In a simple alternating current (AC) circuit consisting of a source and a linear load, both the current and voltage are sinusoidal. If the load is purely resistive, the two quantities reverse their polarity at the same time. At every instant the product of voltage and current is positive, indicating that the direction of energy flow does not reverse. In this case, only real power is transferred.

If the loads are purely reactive, then the voltage and current are 90 degrees out of phase. For half of each cycle, the product of voltage and current is positive, but on the other half of the cycle, the product is negative, indicating that on average, exactly as much energy flows toward the load as flows back. There is no net energy flow over one cycle. In this case, only reactive energy flows—there is no net transfer of energy to the load.

Practical loads have resistance, inductance, and capacitance, so both real and reactive power will flow to real loads. Power engineers measure apparent power as the magnitude of the vector sum of real and reactive power. Apparent power is the product of the root-mean-square of voltage and current.

Engineers care about apparent power, because even though the current associated with reactive power does no work at the load, it heats the wires, wasting energy. Conductors, transformers and generators must be sized to carry the total current, not just the current that does useful work.

Another consequence is that adding the apparent power for two loads will not accurately give the total apparent power unless they have the same displacement between current and voltage (the same power factor).

Conventionally, capacitors are considered to generate reactive power and inductors to consume it. If a capacitor and an inductor are placed in parallel, then the currents flowing through the inductor and the capacitor tend to cancel rather than add. This is the fundamental mechanism for controlling the power factor in electric power transmission; capacitors (or inductors) are inserted in a circuit to partially cancel reactive power 'consumed' by the load.

Engineers use the following terms to describe energy flow in a system (and assign each of them a different unit to differentiate between them):

  • Real power (P) or active power[1]: watt [W]
  • Reactive power (Q): volt-ampere reactive [VAR]
  • Complex power (S): volt-ampere [VA]
  • Apparent Power (|S|), that is, the absolute value of complex power S: volt-ampere [VA]
  • Phase of Voltage Relative to Current (φ), the angle of difference (in degrees) between voltage and current; Current lagging Voltage (Quadrant I Vector), Current leading voltage (Quadrant IV Vector)
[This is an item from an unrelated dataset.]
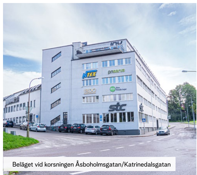
Beläget vid korsningen Åsboholmsgatan/Katrinedalsgatan

In the diagram, P is the real power, Q is the reactive power (in this case positive), S is the complex power and the length of S is the apparent power.

Reactive power does not transfer energy, so it is represented as the imaginary axis of the vector diagram. Real power moves energy, so it is the real axis.

The unit for all forms of power is the watt (symbol: W), but this unit is generally reserved for real power. Apparent power is conventionally expressed in volt-amperes (VA) since it is the product of rms voltage and rms current. The unit for reactive power is expressed as var, which stands for volt-amperes reactive. Since reactive power transfers no net energy to the load, it is sometimes called "wattless" power. It does, however, serve an important function in electrical grids and its lack has been cited as a significant factor in the Northeast Blackout of 2003.[2]

Understanding the relationship between these three quantities lies at the heart of understanding power engineering. The mathematical relationship among them can be represented by vectors or expressed using complex numbers, S = P + jQ (where j is the imaginary unit).

Power factor

The ratio between real power and apparent power in a circuit is called the power factor. It's a practical measure of the efficiency of a power distribution system. For two systems transmitting the same amount of real power, the system with the lower power factor will have higher circulating currents due to energy that returns to the source from energy storage in the load. These higher currents produce higher losses and reduce overall transmission efficiency. A lower power factor circuit will have a higher apparent power and higher losses for the same amount of real power.

The power factor is one when the voltage and current are in phase. It is zero when the current leads or lags the voltage by 90 degrees. Power factors are usually stated as "leading" or "lagging" to show the sign of the phase angle of current with respect to voltage.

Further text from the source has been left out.